The author of The Handmaid’s Tale, Margaret Atwood has shared a powerful and cryptic cartoon, urging women to vote in the upcoming US election.
Voting will close on 5 November in the US presidential election and candidates Donald Trump and Kamala Harris are reportedly neck and neck in the polling.
Abortion rights have been a prominent debate in this election cycle after the Supreme Court overturned Roe v Wade in 2022, something which Trump celebrated.
For months, Harris has warned Americans that Trump will go to greater lengths to restrict reproductive freedoms than he already has, pointing to plans laid out in Project 2025 – a document created by The Heritage Foundation to which Trump has multiple ties.
The former president has promised he wouldn’t do so while distancing himself from Project 2025.
Atwood has now shared an impactful cartoon by Pulitzer Prize-winning cartoonist Mike Luckovich at The Atlanta Journal-Constitution hinting just how important women’s rights will be in the outcome of the vote.
The image shows a line of Handmaids, complete with their red cloaks and white bonnets, lining up at a voting booth. After each of the women cast their vote, they toss aside their Handmaid outfits and walk away wearing modern clothes.

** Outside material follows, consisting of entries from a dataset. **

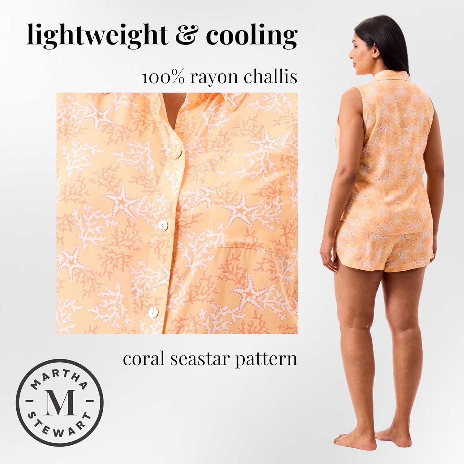 Martha Stewart Women’s Pajama Set | Soft, Breathable Sleepwear | 2-Pc Notch Collar Short Sleeve Button Down | Relaxed Comfort(Peach Fuzz)
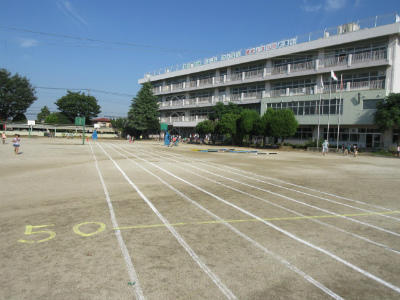 校庭には、運動会のリレー選手を決めるためのラインがひかれています。
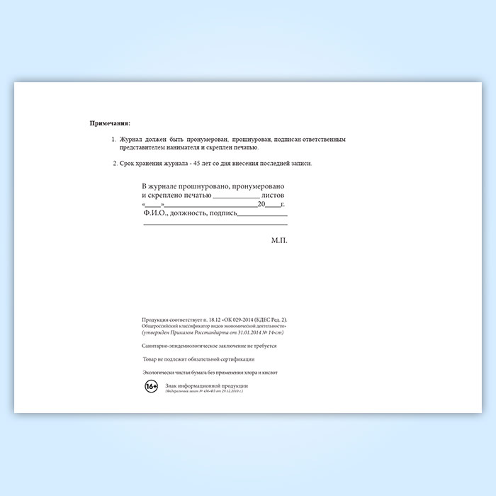 Вы получаете печатную продукцию прошнурованной и c местом для вашей печати в соответствии с действующими нормативными документами:
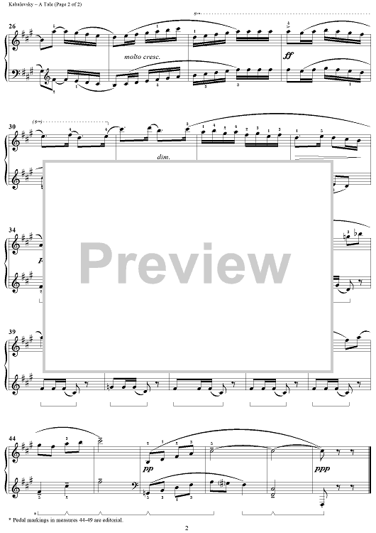 Digital Sheet Music for A Tale by Dmitri Kabalevsky scored for Piano Solo; id:287499
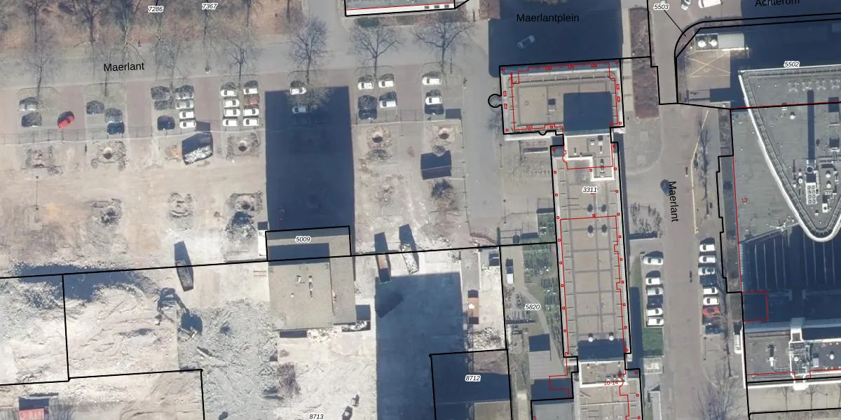Het perceel waarop Maerlant 26 staat heeft een oppervlakte van 2,2 ha. Dit is een zeer groot perceel. De perceeloppervlakte wordt geregistreerd door het Kadaster. Gedetailleerde informatie over de maten van dit perceel kunt u vinden in het rapport Kadastrale kaart met maatvoering van Maerlant 26.
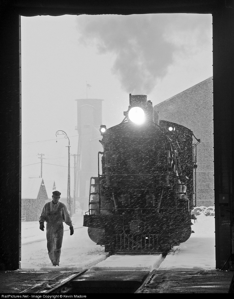 | Shelter from the storm is finally within reach, as a Nevada Northern Fireman enters the East Ely Engine House to marshall his locomotive into its stall for the night. |
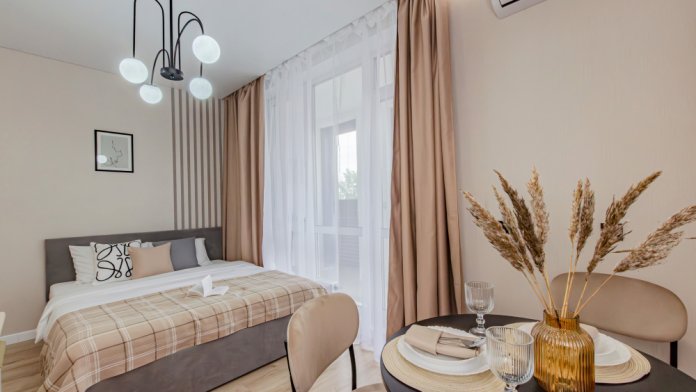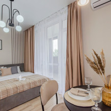 Уютная студия с новым дизайнерским ремонтом в новом ЖК «Открытие», расположенная рядом с новым Вознесенским Трактом, в 15 минутах езды до центра Казани, подходит для размещения 2-х гостей.
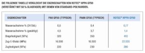 VORTEILE VON ROTEC® HPPA GEGENÜBER STANDARD PA6 UND PA66 POLYAMIDEN:

Atwood posted the cartoon without a message but it has since received a flurry of replies in support. One person wrote: “Let’s leave Gilead to fiction. Everyone vote!”
Another person said: “Women will vote for their freedom.”

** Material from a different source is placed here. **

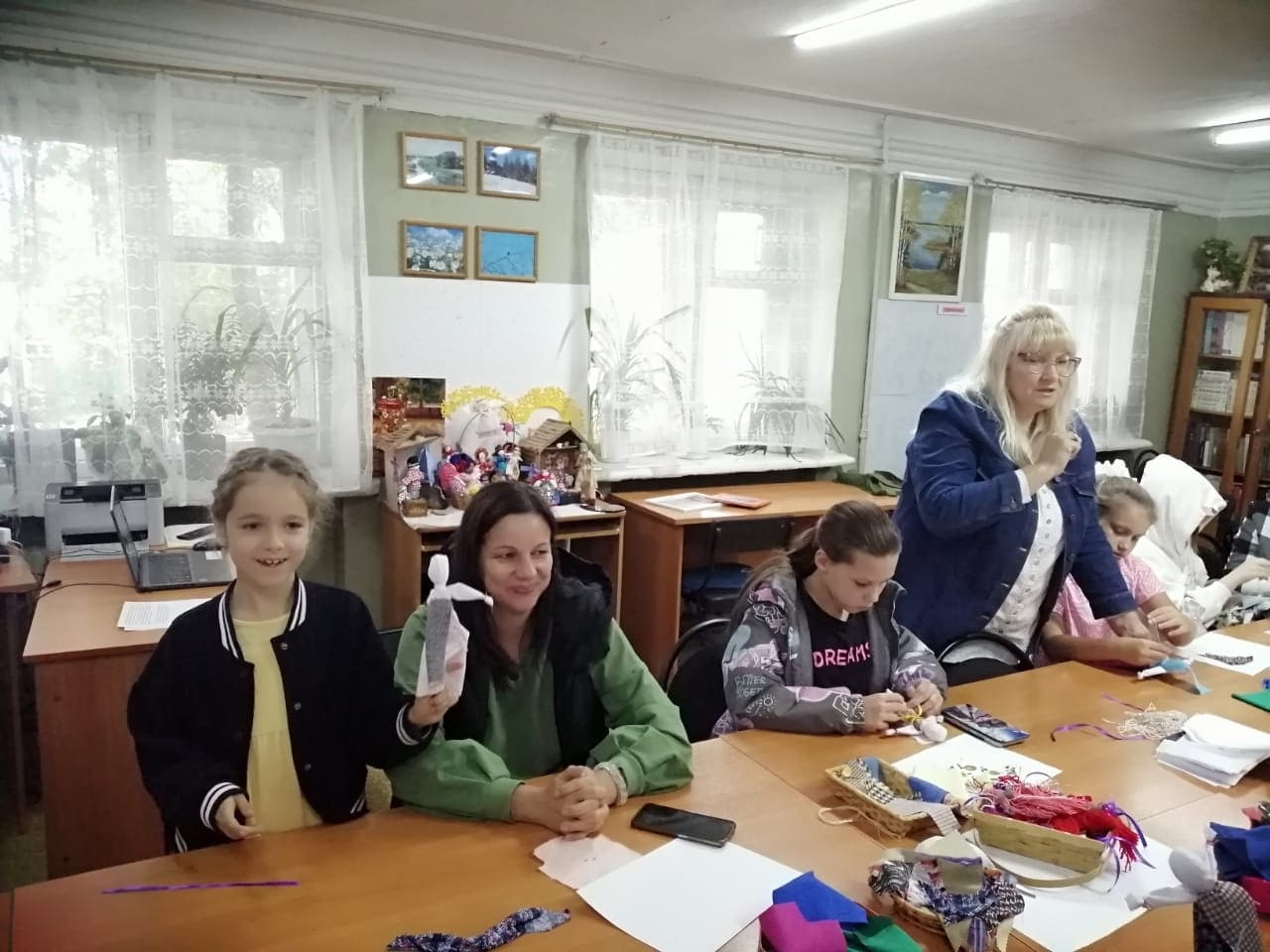Присутствующие вместе с руководителем кружка Михалевой Ириной Васильевной сделали обрядовую куклу «Ханцегуаше». Ребята отлично справились с нелёгким процессом изготовления кукол, а потом забрали их домой.

Current UK Labour MP Stella Creasy also shared the image adding: “If you think this is just a concern for American politics, you don’t understand that even in 2024 around the world women are just at different points in this queue…”

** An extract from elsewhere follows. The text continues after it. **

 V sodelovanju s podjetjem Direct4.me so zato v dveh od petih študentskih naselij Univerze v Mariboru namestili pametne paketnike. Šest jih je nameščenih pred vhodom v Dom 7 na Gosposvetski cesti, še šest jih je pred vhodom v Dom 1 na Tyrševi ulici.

Atwood’s 1985 novel is set in a dystopian version of the United States which has been overtaken by a radical religious cult, who have renamed the country Gilead. Under the new government, many women are enslaved and called “Handmaids” whose sole purpose is to bear children for rich families.
The novel has since been turned into an award-winning television show starring Elisabeth Moss, Yvonne Strahovski, Ann Dowd, Bradley Whitford and Joseph Fiennes.
Women dressed as Handmaids have appeared at protests in the United States throughout Trump’s ascension as a political force, with many comparing the overturning of Roe v Wade to the events of the book.